=== INPUT DATA ===

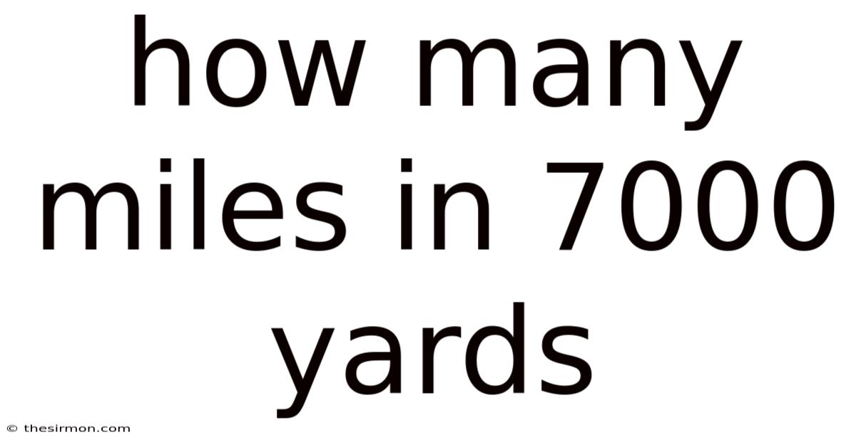 Understanding how many miles are in 7,000 yards equips you with a useful conversion skill that applies across sports, travel, education, and everyday life. 98 miles**—just shy of four miles. Practically speaking, whether you’re charting a running route, measuring a piece of land, or simply satisfying curiosity, the method outlined here ensures accuracy and confidence. By dividing the yard value by the fixed conversion factor of 1,760 yards per mile, you find that 7,000 yards equals **approximately 3.Remember the core ratio, practice a few mental shortcuts, and you’ll be able to translate yards to miles (and vice versa) with ease, turning a seemingly obscure number into a clear, actionable distance.
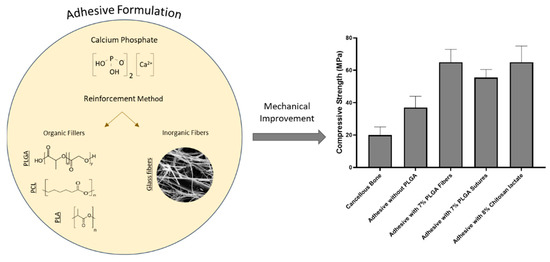 - Kirillova, A.; Nillissen, O.; Liu, S.; Kelly, C.; Gall, K. Reinforcement and Fatigue of a Bioinspired Mineral–Organic Bioresorbable Bone Adhesive. Adv. Healthc. Mater. 2021, 10, 2001058. [Google Scholar] [CrossRef] [PubMed]
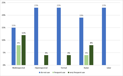 Regarding this matter, two questions of the survey -optional- explored aspects related to the use of remote sensing associated to commercialization of products and/or services based on images and/or data obtained by drones, UAVs, nanosatellites, satellites and/or planes, highlighting the sensor most frequently used. Approximately 35% of survey participants answered this question, as shown in Figure 3.
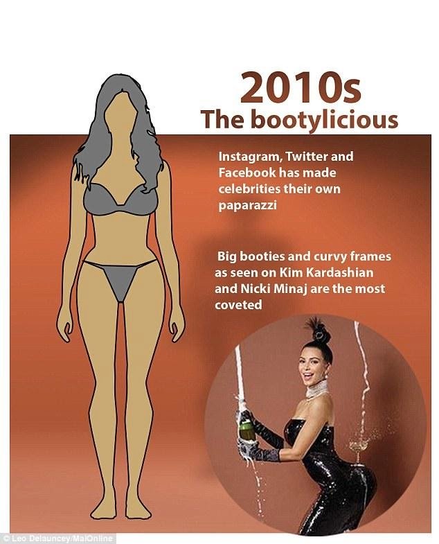 Narayana 734 – Sebelum Kim Kardashian menghiasi berbagai majalah dan mengatakan dirinya bangga dengan tubuh booty-nya atau jauh sebelum itu, Kate Moss sangat digilai banyak perempuan karena tubuh skinny, body image perempuan memunyai cerita berbeda. Dalam 100 tahun terakhir, body image mengalami perubahan. Bagaimana perubahannya? Cek di bawah ini.
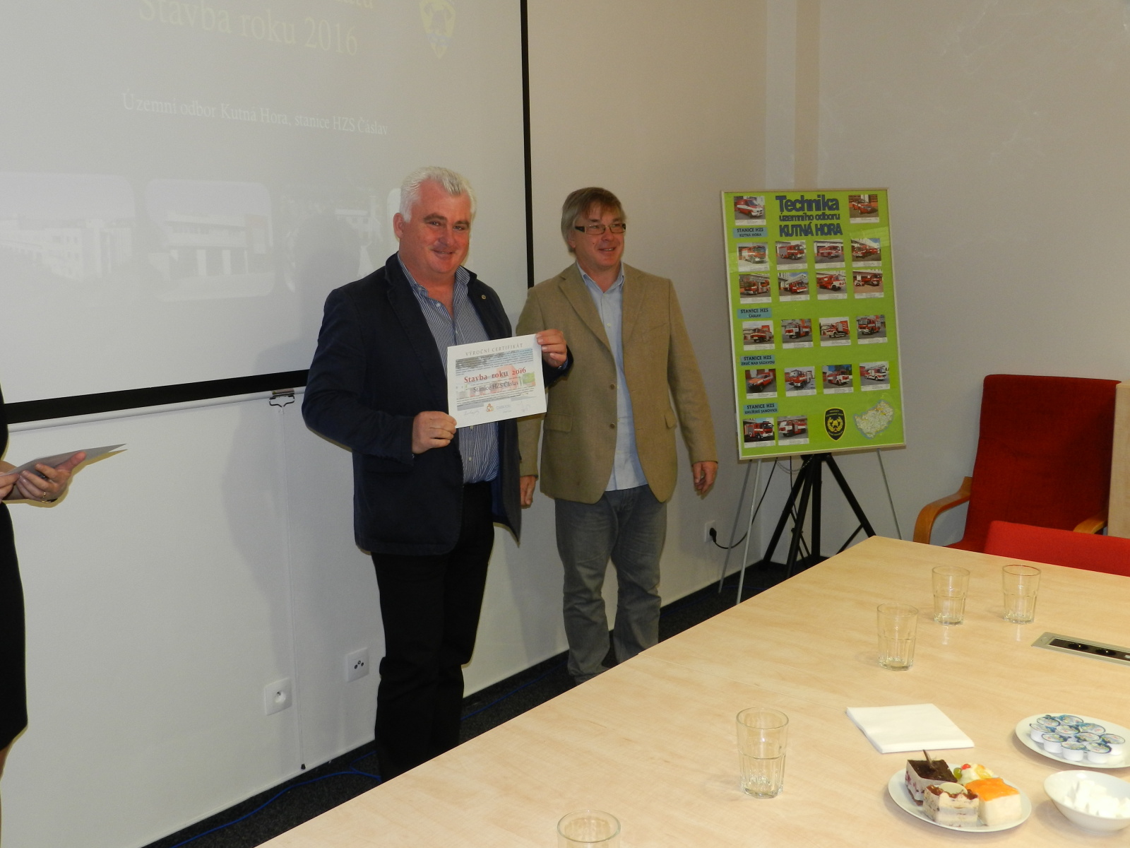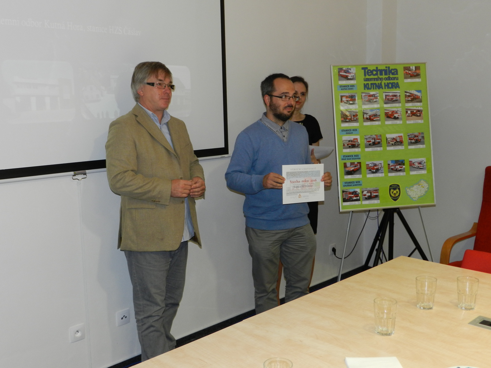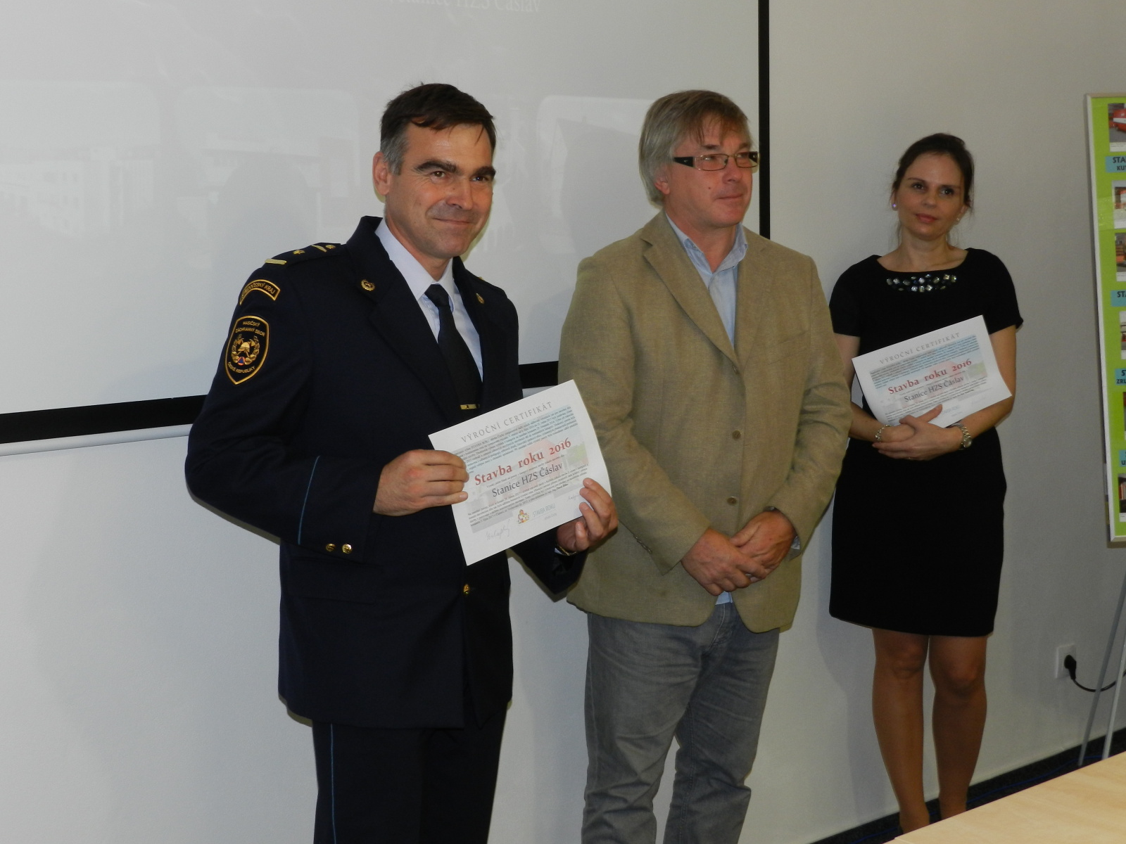 Výroční certifikát osobně převzali představitelé Města Čáslavi, starosta Ing. Jaromír Strnad a tajemník městského úřadu Ing. Antonín Hejzlar, za generálního dodavatele stavby společnost Bursík Holding, a.s., pan Lukáš Jeřábek, dále zástupce projekční kanceláře a autorského dozoru společnosti Arplan s.r.o. Ing. Lukáš Semerád a také zástupci HZS Středočeského kraje, Mgr. Kateřina Cibulková (nyní HZS Karlovarského kraje), Michal Čížek, DiS., plk. Ing. Jiří Pokorný, mjr. Ing. Pavel Říha a npor. Bc. Petr Klatovský.
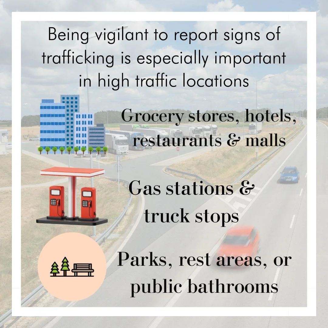 Traffickers and predators who are trying to exploit missing children will often place themselves purposefully in highly populated areas frequented by travelers or runaways. It is important to report any signs of trafficking or distressed children at all times, but especially in locations like grocery stores, hotels, restaurants, malls, gas stations, truck stops, parks, rest areas, or public bathrooms.
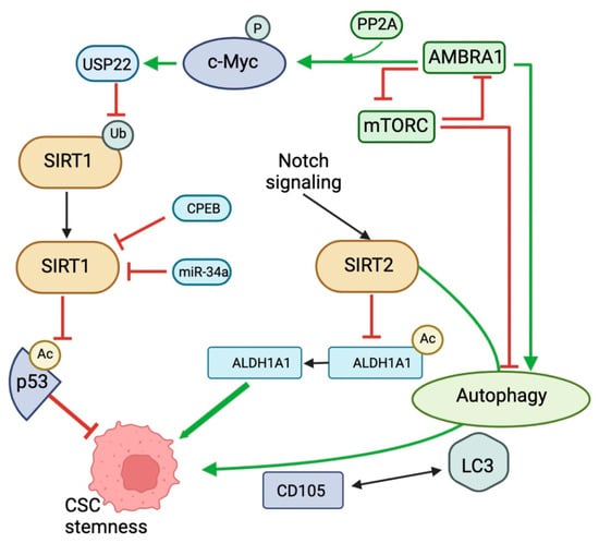 SIRT2 promotes breast cancer CSCs via Notch–autophagy connections and ALDHA1A deacetylation [197]. Renal cell CSCs also have SIRT2–CD105–LC3 molecular cross-talk, which affects their survival [203,204].
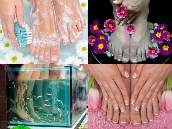 హాట్ వాటర్ పెడిక్యూర్: పూల్లో పాదాలను ముంచి వేడినీళ్ళతో శుభ్రం చేసుకోవడం వల్ల రిలాక్స్ గా ఉంటుంది. అంతే కాదు పాదాలు శుభ్రపడుతాయి.
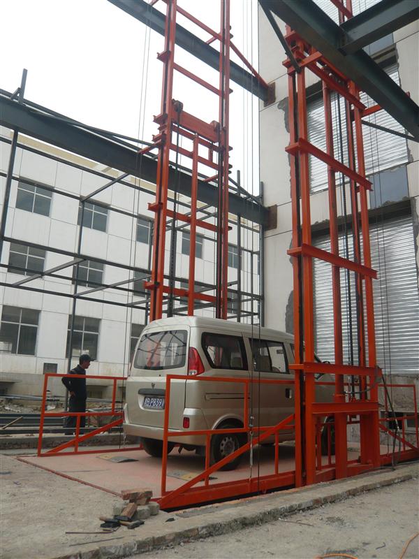 导轨式升降货梯,主要用于楼层间高空货物运输。载重1-100吨,升高高度1-25米.室内、室外均可安装,导轨式货梯,提升高度高,采用旁置油缸,运行平稳、噪音低、维修方便、使用寿命较长,停电时,可使用手动应急下降,安全、方便、快捷、实用,地坑深度一般为15cm-30cm,顶层高度不受限制,可根据现场环境定做用,适合2-3层钢结构厂房使用。
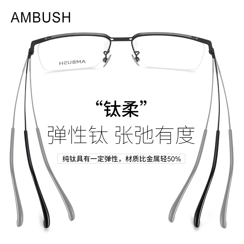 ambush纯钛眼镜框近视眼镜架男半框 眉线框 配眼镜成品近视 超轻
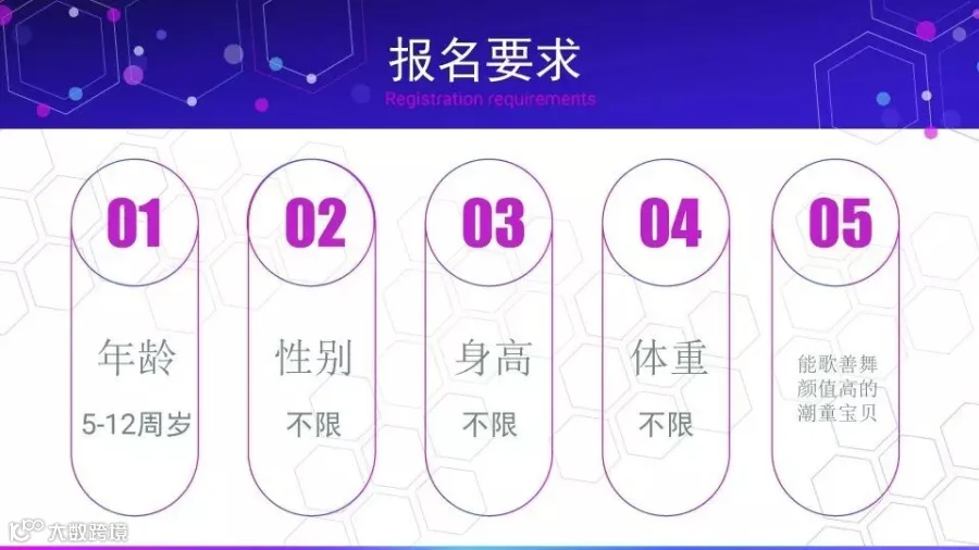 1、选手要求:年龄:5-12周岁,性别:不限,身高:不限,体重:不限。
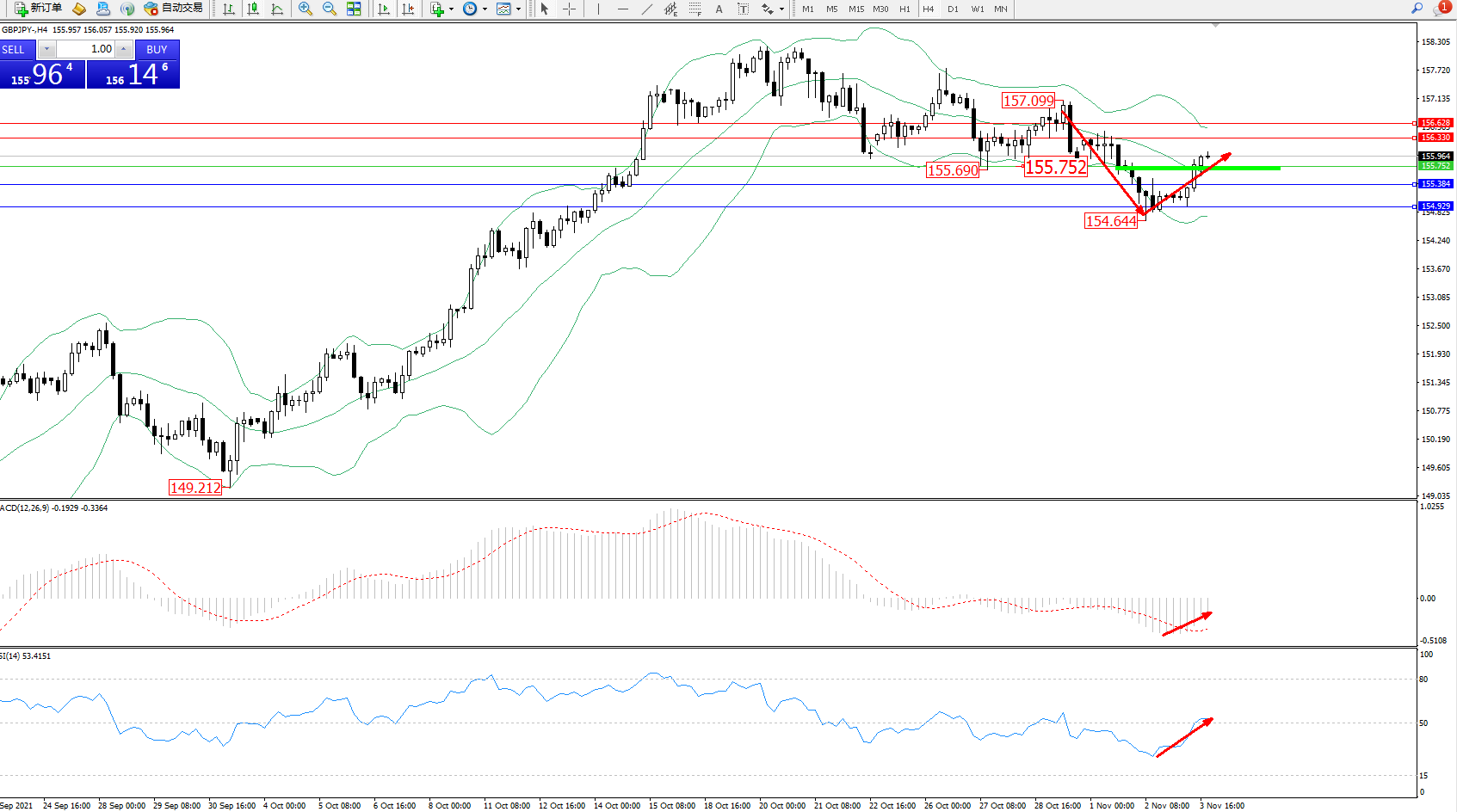 技术点评:空头动力延续布林带指标通道中下轨区间持续震荡下行,低位抵达154.644附近节点开始整理反转上移,处于布林带指标中上轨区间窄幅整理,多头反转上移走势或将持续,布林带指标呈向下移动走势后,低位开始收口平移,MACD指标处于空头区域低位整理缓慢上行,RSI指标处于空头区域低位维持震荡上移至50均衡线上側徘徊;

===

▶ WHAT THE TASK ASKS
When you reach the line that contains "ambush纯钛眼镜框近视眼镜架男半框 眉线框 配眼镜成品近视 超轻", start reproducing, and continue word for word to the end of the records; skip all pictures.

▶ WRITTEN ANSWER
 ambush纯钛眼镜框近视眼镜架男半框 眉线框 配眼镜成品近视 超轻
 1、选手要求:年龄:5-12周岁,性别:不限,身高:不限,体重:不限。
 技术点评:空头动力延续布林带指标通道中下轨区间持续震荡下行,低位抵达154.644附近节点开始整理反转上移,处于布林带指标中上轨区间窄幅整理,多头反转上移走势或将持续,布林带指标呈向下移动走势后,低位开始收口平移,MACD指标处于空头区域低位整理缓慢上行,RSI指标处于空头区域低位维持震荡上移至50均衡线上側徘徊;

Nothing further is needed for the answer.